Well. He could very well just say that but he's trying this new thing called tact and he has a faint suspicion that would not be tactful, somehow. If he were Fiddleford he knows he'd be deeply sensitive about the whole sanity thing, in much the same way he is deeply sensitive about the whole fingers thing, because Ford Pines is incapable of not being sensitive about things. He's also not too great yet at not assuming everyone has the same thought processes as he does. So of course Fiddleford wouldn't want this called attention to.]
You, ah -- mm. I had forgotten you likely haven't had much practice with this, have you?
[Because he's new. He has to be, because Ford can't have missed him being here for any great length of time. He's going to be really mad at himself if that's the case.

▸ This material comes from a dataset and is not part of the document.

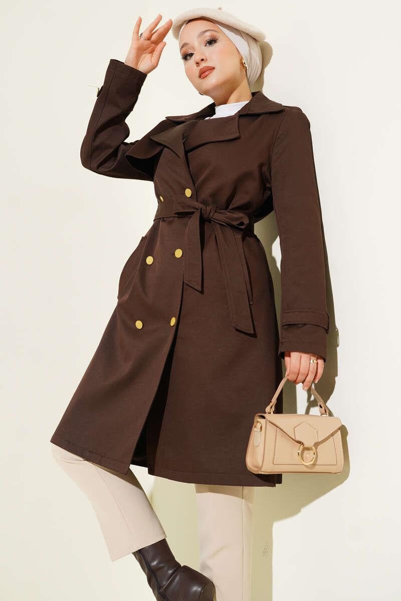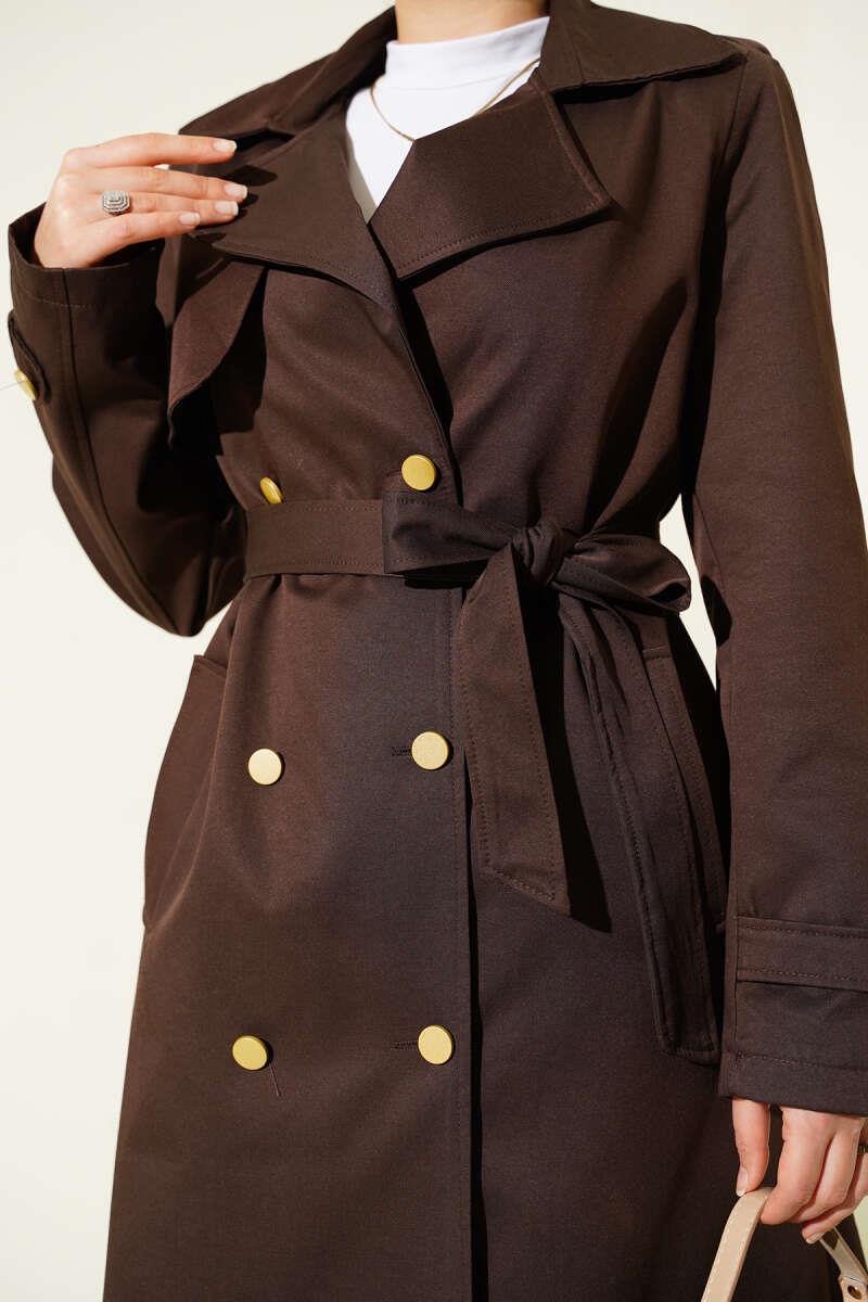 Tek Omuz Apoletli Kruvaze Trençkot Kahve (0999-6217-688863)
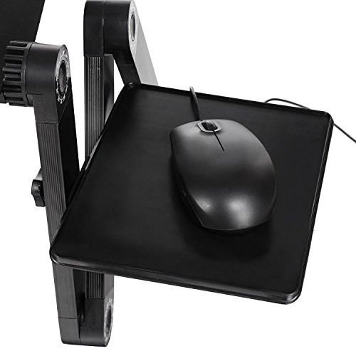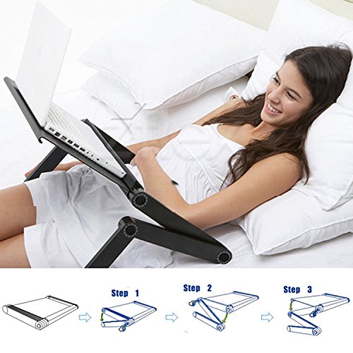 -. Feature : This Foldable laptop table stands adopt aluminum tray, lightweight and sturdy, you can Rotate 360 Degrees until you satisfied and Lock in Place at Various Angles / Easy Carry: No need to time to assembly, lightweight material make it easy to carry, and you can set it in multiple angles to fit your position, portable, and light weight allowing you to protect your investment wherever you go / Table Dimension:18.7 x 10.1inch (L x W); Mouse Board Dimension: 7.0 x 6.2inch (L x W); Arm (Single): 10.1x 1.6inch (L x W), 3 knobs on each folding arm, you can adjustable according to your needs, / Automatically fixed joints and High intensity ABS joints, easy to conduct precise angle and height adjustment / This is a magic laptop desk.360° foldable ,you can use it to Enjoy the fun of the Internet in bed, sofa, table, carpet, lawn.

MIPS gives a concerned sort of yip-beep, sensing its trainer's unease. In the absence of an actual command it just kind of hovers, vibrating softly either with anticipation or because one of its feet is touching a bit of snow and it's caught on the geometry.]
no subject
It sends guilt twisting up inside him. Minnie hadn't expected to see him like this, and clearly, neither had Stanford. At least with Minnie, he hadn't been as lucid as he is now: he hadn't had the option of coming up to her and saying Minnie darlin', I know I've messed up in a real big way, but I want to try to get my mind back, and I think you can help me, if you're willin'. He'd been too far gone for that, then.
Nice going, Fiddleford. You find your best friend after all this time and you lie to him and make him think you're crazy. You really are no good to nobody.
But they're watching him. Team Rocket, government agents, a horror taking up dark space in the burned-out part of his brain that he can't bring himself to look directly at yet -- he can't draw their attention to him. He has to hide, even if it's in plain sight. And that means Fiddleford will do whatever he has to.
He gives his knee, which has started to bounce, a jovial slap into stillness.]
No sir, I've been battling Pokemons for two weeks already! I reckon that makes me practically an expert!
[He points at MIPS and crows:]
Berry, use your DEATH RAY!!
[UGH OLD MAN FOR THE LAST TIME IT'S CALLED PSYBEAM, Berry wants to scream, but it's the first sensible command she's been given, so she lets it slide this time. She fires the weird ray straight at MIPS.]